Problem details ->
From the line that contains "12月2日15:30,广州华" to the last line of the data below, transcribe every line exactly. Do not include the pictures.

===== Given material =====

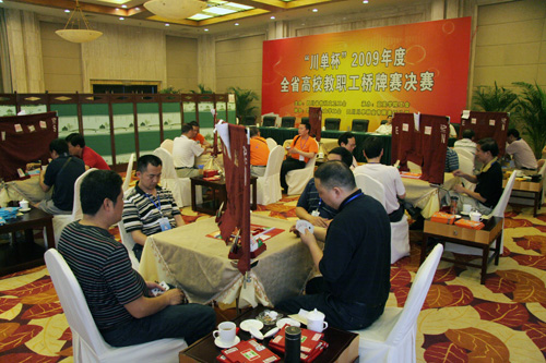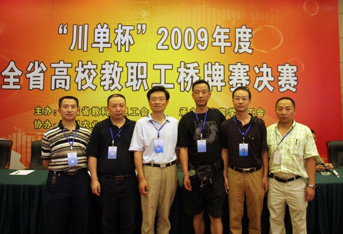 由四川省教科文卫工会主办,宜宾学院工会承办,四川农业大学工会、四川川单种业有限责任公司协办的“川单杯”2009年度全省高校教职工桥牌赛决赛于7月21日至23日在宜宾市举行。我校由学校党委副书记王民朴同志领队,学校工会常务副主席王代言和副主席杨晓龙为工会负责人,李跃平、蒋明礼、凌廷友、尹良四位教师为选手代表学校参加了比赛。
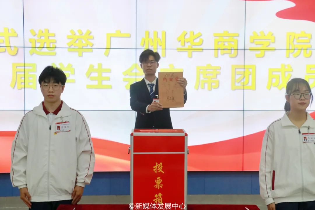 12月2日15:30,广州华商学院第三次学生代表大会主席团第三次全体会议召开。会上,总监票人报告大会选举情况,确定当选人名单,确定广州华商学院第三届学生会委员会第一次全体会议的召集人和会议时间。
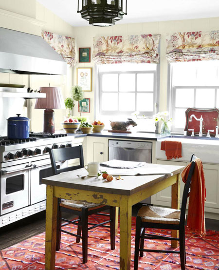 "The kitchen has a cozy atmosphere in keeping with the 1939 house. A 19th-century English farm table is paired with Crate & Barrel chairs. To warm up the space, Samperton added a flea-market rug and Roman shades in Benison's Dragon Flower. Walls and cabinetry are painted in Benjamin Moore's Ivory White. Viking stove and Vent-A-Hood hood. Cortina latern, Paul Ferrante."
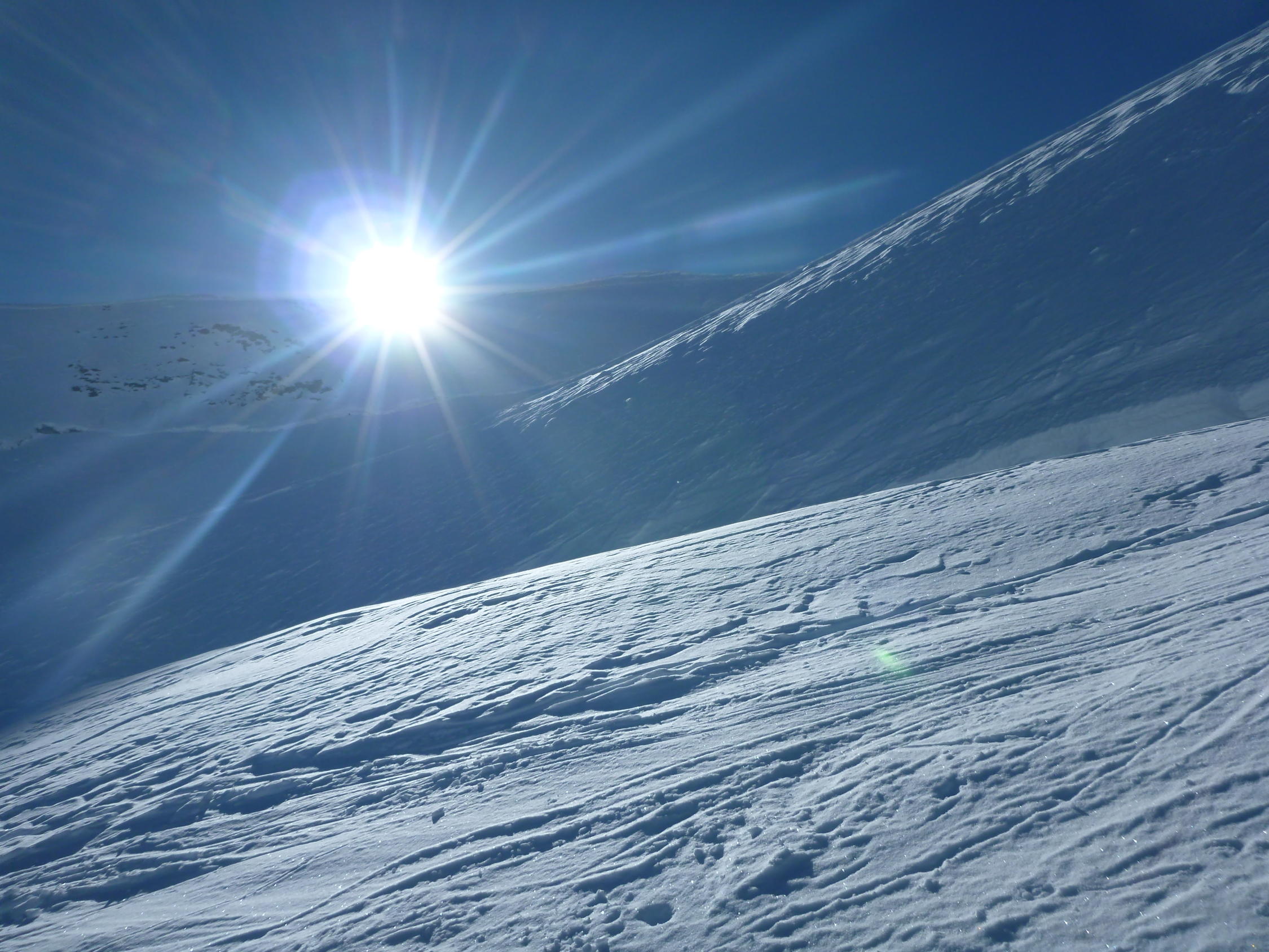 Die Abfahrt erfolgt in gut fahrbarem Frühlingsschnee.

=====

Written response ->
 12月2日15:30,广州华商学院第三次学生代表大会主席团第三次全体会议召开。会上,总监票人报告大会选举情况,确定当选人名单,确定广州华商学院第三届学生会委员会第一次全体会议的召集人和会议时间。
 "The kitchen has a cozy atmosphere in keeping with the 1939 house. A 19th-century English farm table is paired with Crate & Barrel chairs. To warm up the space, Samperton added a flea-market rug and Roman shades in Benison's Dragon Flower. Walls and cabinetry are painted in Benjamin Moore's Ivory White. Viking stove and Vent-A-Hood hood. Cortina latern, Paul Ferrante."
 Die Abfahrt erfolgt in gut fahrbarem Frühlingsschnee.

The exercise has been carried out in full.